All is well - the mysterious area of blood is still lurking ominously (you used to get fined £1.50 for that in McDonalds), but we are assured that it is no real threat. Baby him/herself is progressing nicely. At scan number one it was dwarfed by its own yolk sack, which I'm sure you'll understand can be quite embarrassing. By scan number two it was winning the battle with the yolk sack, and had advanced to an impressive 8mm.
Now, we laugh at scan number two's pathetic 8mm. My wife is now incubating an 18mm monster, whose heart was easily discernible, pumping away at 160bpm or something. It's not actually a monster. More of a broad bean really. Which is considerably more baby shaped than the blueberry of which we were previously the proud parents to be.
All this scanning raises an interesting question.

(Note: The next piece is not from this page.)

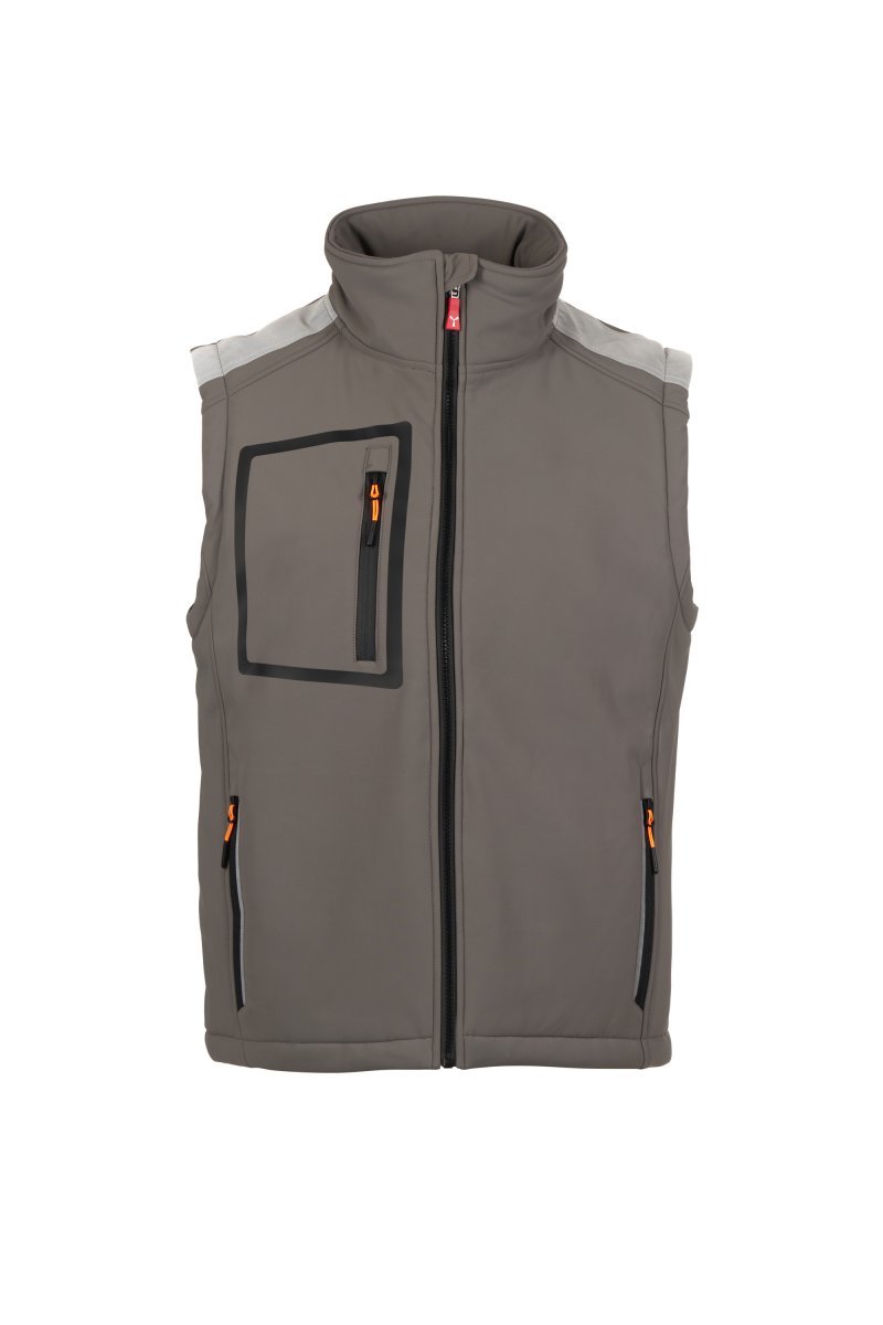 Ūdens necaurlaidība 8000 mm H₂O, ūdens tvaika vadīšanas ātrums 5000 g/m² 24 h. Trīs slāņu Softshell vīriešu veste ar siltu polsterējumu (160 g/m²), kurai ir polārflīsa ieliktņi apkaklē, SBS rāvējslēdzējs ar metāla vai pielāgoto aizdari un daļējas bloķēšanas funkciju. Apkakles odere ar polārflīsa elementiem sānos. Uz plecu daļas un muguras lejasdaļas — atstarojošas līnijas. Piekausēta krūšu kabata, kas aizdarāma ar rāvējslēdzēju, kuram ir īpašs pārklājums. Divas sānu kabatas, kas aizdarāmas ar atstarojošu rāvējslēdzi. Fluorescējoši striķu savilcēji. Divas iekškabatas: viena formēta krūšu kabata ar rāvējslēdzēju labajā pusē un viena planšetei paredzēta kabata kreisajā pusē, kas aizdarāma ar līplenti. Apakšmalā auklu savilcēji ar pielāgotiem bloķētājiem.

If talking to a pregnant belly familiarises baby with the comforting, nurturing tones of a parent's voice, then is our unprecedentedly well documented broad bean destined for a life of vain camera hogging? Have we unwittingly produced an attention seeker? I hope not.
I intended to add a picture of our latest scan to this. This hasn't happened yet because, quite ironically, we need to scan it in first, and I can't be bothered. But I will.
Just found this. Congrats, Hags, you big blogger. Guess lil broadbean will be iceberg lettuce size by the time we meet.